Bei der IP tragt ihr nun einfach statt dem X eine beliebige Zahl zwischen 0 und 255 ein. Achtet darauf das ihr nicht die gleiche Ziffer am Ende verwendet. 

Gruß


----------



## Jakob (29. Dezember 2009)

Es geht aber auch über Wlan.
Die Pings sind minimal höher, aber ist nicht spürbar.


Wie wärs mit Wildlifepark? 

EDIT: WLP hat keinen MP seh ich grad.


----------



## Bioschnitzel (29. Dezember 2009)

Flatout 2, Company of Heroes, eigentlich fast jedes Spiel hat ein Multiplayer Modus, einfach mal die Regale durchschauen


----------



## ninetysix (29. Dezember 2009)

Also mein Router ist ein speedport w 700v von Telekom...
Geht das DAmit auch? Der hat 4 LAN steckplätze…


----------



## Bioschnitzel (29. Dezember 2009)

Jop, wie gesagt mit einem Crossover kannst du die PC`s direkt verbinden


----------



## ninetysix (29. Dezember 2009)

also ist so ein Crossover ein muss?

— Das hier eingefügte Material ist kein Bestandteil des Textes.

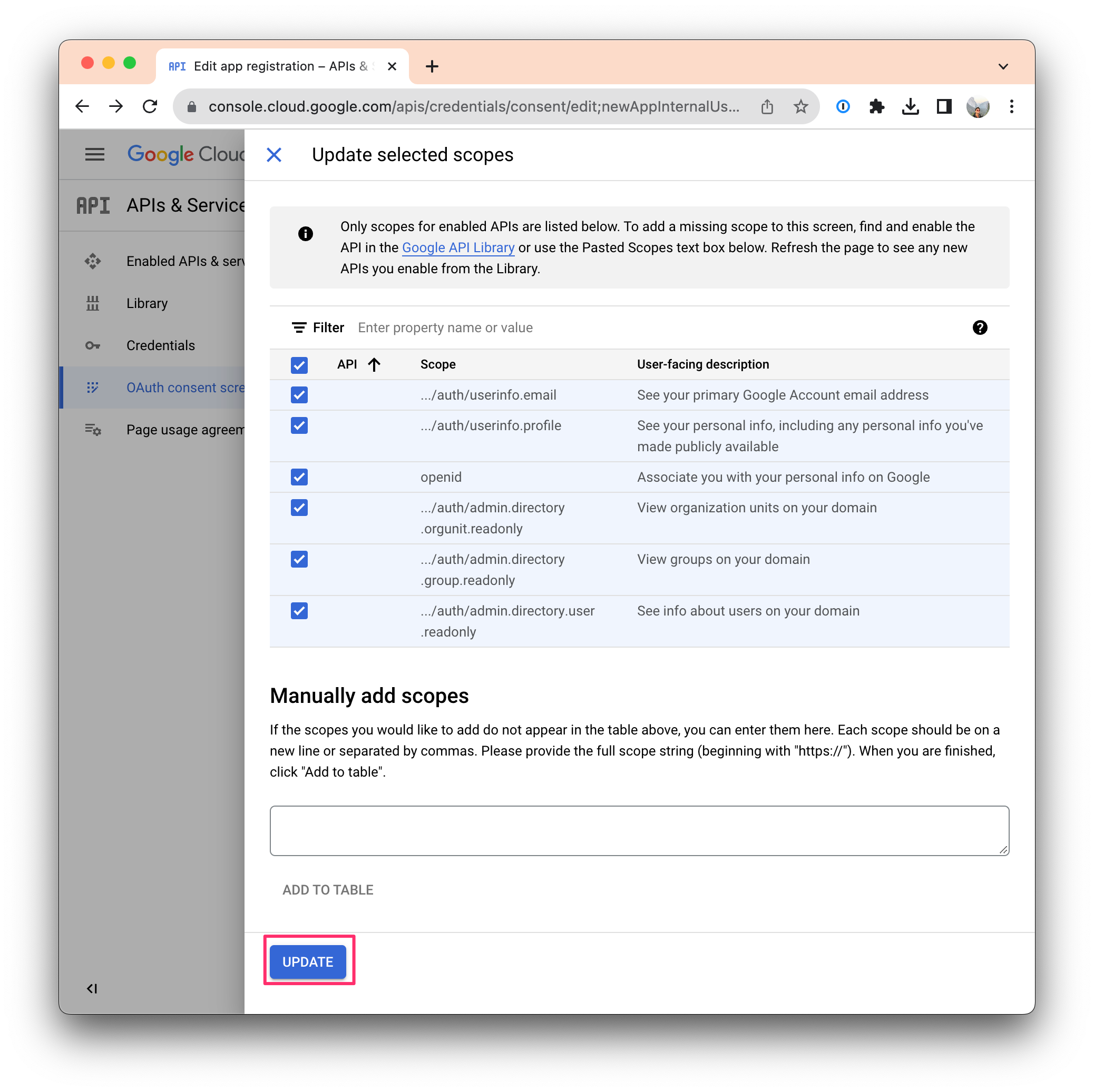 If you're on the Enterprise plan, you'll need to add the following additional scopes to sync users, groups, and organizational units:

Krieg ich das auch bei mm?


----------



## Bioschnitzel (29. Dezember 2009)

nein kein Muss, aber einfacher. 

Bei der anderen Variante über den Router brauch man halt 2 Kabel anstatt eines. 

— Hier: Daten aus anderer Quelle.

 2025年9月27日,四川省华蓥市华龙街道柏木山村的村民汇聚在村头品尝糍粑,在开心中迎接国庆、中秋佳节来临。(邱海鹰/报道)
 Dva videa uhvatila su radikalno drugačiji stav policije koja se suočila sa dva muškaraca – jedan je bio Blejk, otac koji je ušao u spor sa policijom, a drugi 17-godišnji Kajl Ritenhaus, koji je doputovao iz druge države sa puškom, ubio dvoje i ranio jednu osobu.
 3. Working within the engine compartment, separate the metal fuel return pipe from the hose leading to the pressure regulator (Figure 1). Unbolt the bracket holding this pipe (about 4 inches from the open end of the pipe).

Crossoverkabel bekommst du eigentlich in jedem Computergeschäft, auch im MM


----------



## ninetysix (29. Dezember 2009)

Also läuft das Crossover gar nicht über den router?


----------



## Bioschnitzel (29. Dezember 2009)

nein, 

1 Kabel 
2 PC`s 

Mehr ist nicht notwendig. 

Das Kabel hat 2 Enden, und an jedes Ende kommt ein PC. Denkbar einfach oder?


----------



## feivel (29. Dezember 2009)

ne..vergiss das mit dem crossoverkabel
für dich als anfänger in diesem thema ist es viel einfacher dir einfach ein zweites netzwerkkabel zum router zu legen

beide PCs mit Router verbinden (dein Speedport von der Telekom) und gut ist.

da dieser automatisch dann auch ipadressen verteilt musst du dir darüber auch keine Gedanken mehr machen.
Crossoverkabel heutzutage als Privatperson noch zu besorgen ist völliger Schwachsinn...sry.


----------



## ninetysix (29. Dezember 2009)

also bem router war nen kabel dabei(gelb)
passt halt in den router und in den lanport meines notebooks,
geht das damit auch???


----------



## Nucleus (29. Dezember 2009)

ninetysix schrieb:


> mein freund und ich wollen sylvester irgendwas gegeneinander zocken, aber was?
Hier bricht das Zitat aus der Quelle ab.